Karla wischte ihrer Großmutter mit einem Taschentuch den Speichel vom Mund und streichelte ihr über den Kopf. Dankbarkeit und Liebe zeigten sich in Großmutters Zügen. Eine Woge des Glücks überkam Karla, als sie das Gesicht der alten Dame betrachtete. Sie war für jeden Tag froh, den sie mit ihrer Großmutter noch verbringen durfte und würde für sie sorgen bis zu ihrem letzten Atemzug. Karla fand zwar nie heraus, aus welchem Grund sich ihre Mutter und ihre Großmutter zerstritten hatten, und Großmutter konnte ihr
diese Frage nicht mehr beantworten. Doch es spielte für Karla auch keine Rolle mehr. Auf eine andere Frage jedoch erhielt sie eine Antwort. Heute gab er wieder Wasser, aber damals hatte sie in den ausgetrockneten Brunnen gerufen: "Ist da jemand?" und darüber gelacht. Doch er hatte ihr tatsächlich geantwortet. Es war jemand da: Ihre Großmutter Karla. Das schönste Weihnachtsgeschenk, das sie jemals bekommen hatte! Karla sah zur Trauerweide, die wie jedes Jahr schneebedeckt und stolz im Garten stand, und
fand, dass sie eigentlich gar nicht traurig aussah.

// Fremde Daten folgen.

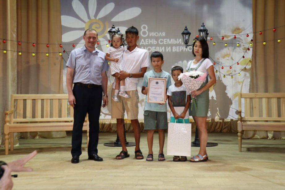 Жителей Бикинского района поздравил и.о главы администрации Андрей Будимиров. Он поблагодарил супругов Вакулиных, которые прожили вместе 25 лет, за сохранение семейных традиций и достойное воспитание детей, вручил им грамоту и медаль. Одновременно с медалью каждый из супругов получил значок в виде ромашки, которая является символом праздника.
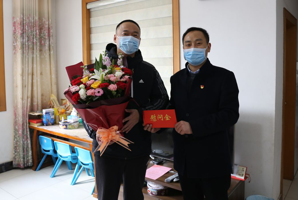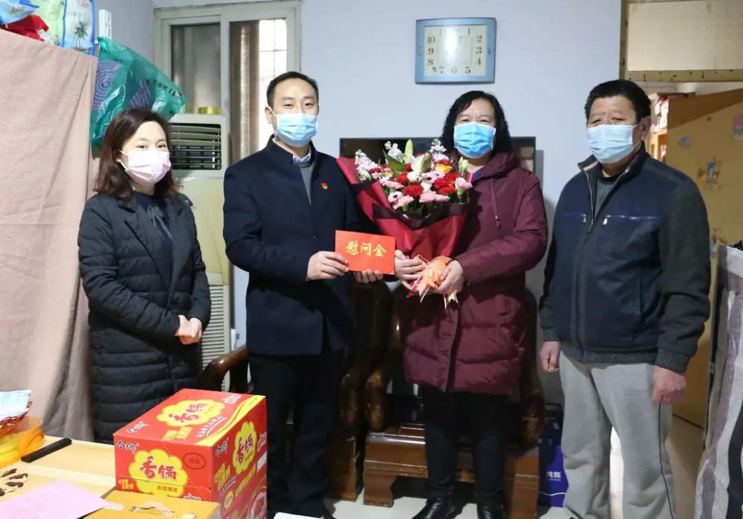“三八节”前夕,为了关心、关爱援鄂女医务工作者家庭,3月3日上午,工会主席霍雷,副主席、女工委主任徐霞、内科党总支书记魏伦收、团委副书记刘军颖等同志受院党委、行政委托,陪同市总工会女工委主任程海梅共同看望慰问援鄂医疗队女队员郑晶晶、王雪艳家属,送上慰问信、医用防护物资、瓜果蔬菜等慰问品及慰问金。
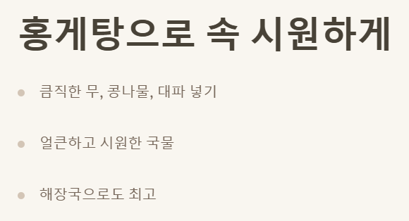 얼큰하고 시원한 국물을 좋아한다면 홍게탕도 좋은 선택이에요. 큼직하게 썬 무, 콩나물, 대파 등을 넣고 홍게를 넣어 함께 끓이면 속 시원한 해장국으로도 그만이죠. 칼칼한 국물에 술 한 잔 곁들이면... 크으! 상상만 해도 최고네요.
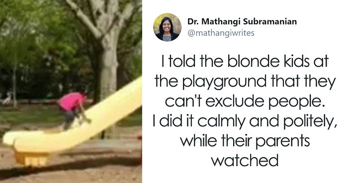 Dr. Subramanian said the exact words she told the blonde girls are a bit fuzzy now, but she explained to them that they weren’t allowed to exclude people in a public space like a playground. “I don’t know if they understood the message — I don’t think they did, because they didn’t actually let my daughter play with them,” the mother told Bored Panda.
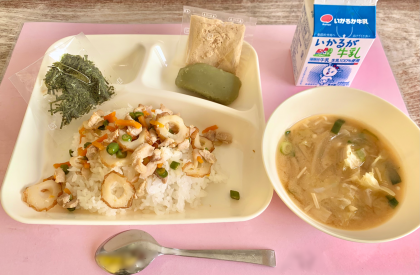 【かやくご飯、じゃがいものみそ汁、まっ茶ういろう、牛乳】
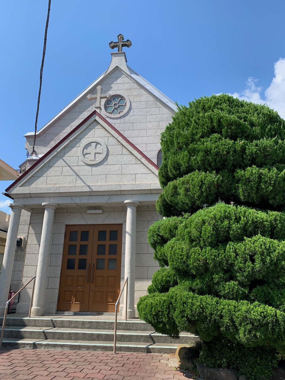 今回の旅のハイライトは、12歳当時の母が1945年7月空襲に遭ったあと、先生や友だちと身を寄せた甲府カトリック教会です。
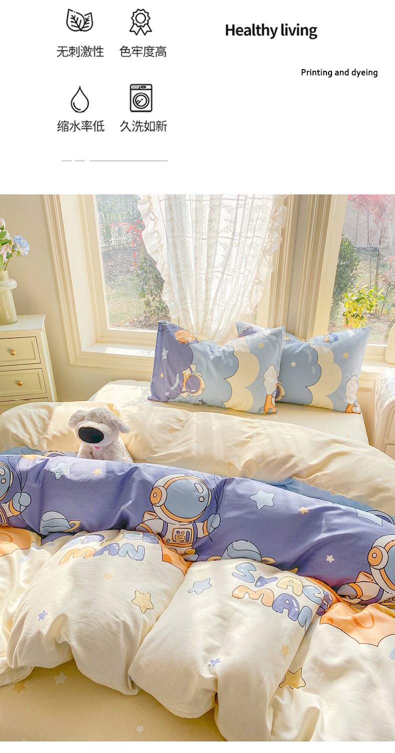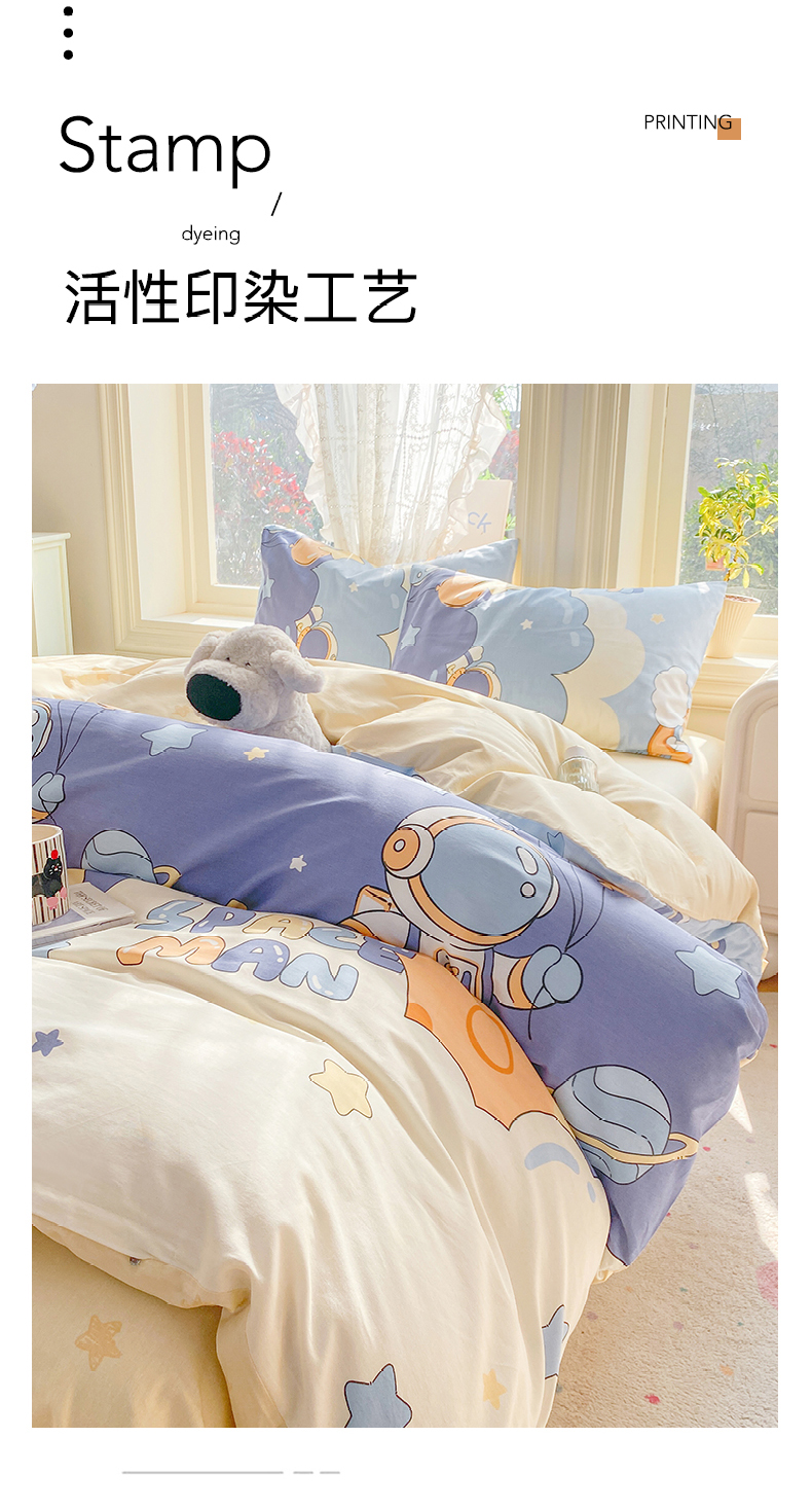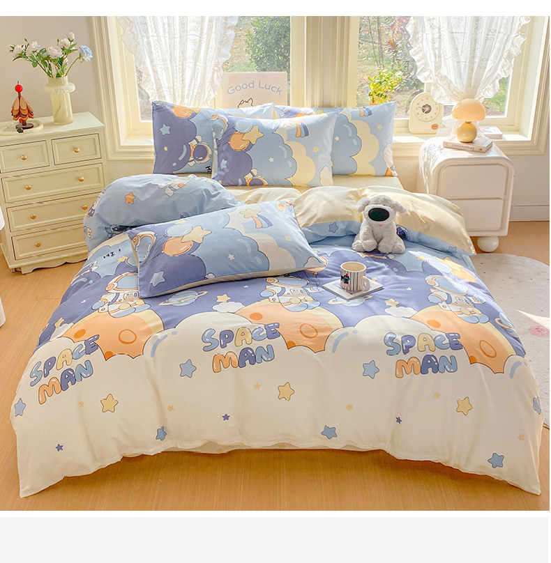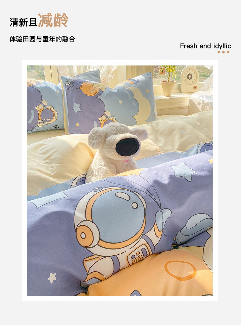 当前位置: 91家纺网 > 商品网购 > 床品套件 > 四件套 > 全棉普通四件套 > 黑马家居 2026新款13070全棉印花小清新卡通花卉四件套系列 宇航员
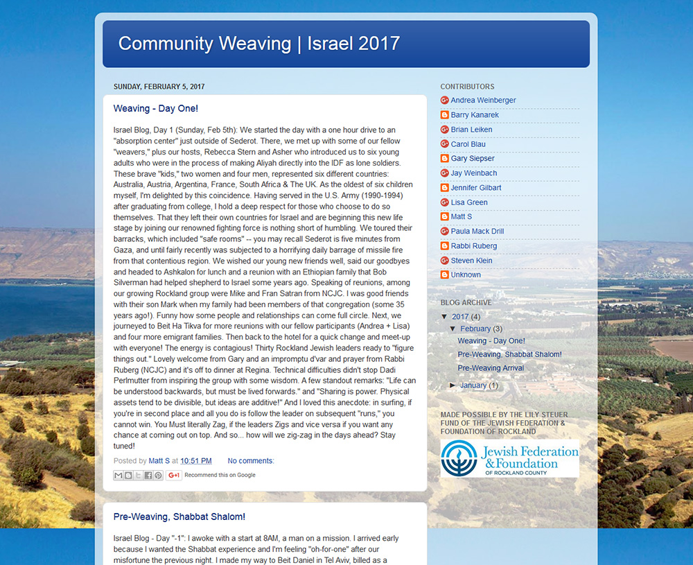 Read the blog to keep up with the group's experiences in Israel! Check the blog daily: www.fedcommunityweaving.

Dann glättete sie noch einmal die Bettdecke und vergewisserte sich, dass Großmutter nicht fror. "Gute Nacht, Großmutter, schlafe gut. Morgen ist Heiligabend, und ich wecke dich, wie du es wünschst, morgen früh um 7.00 Uhr", sagte Karla. Und als sie ihr liebevoll einen Kuss auf die Stirn gab, schien es, als lächelte die Großmutter mit der Trauerweide um die Wette.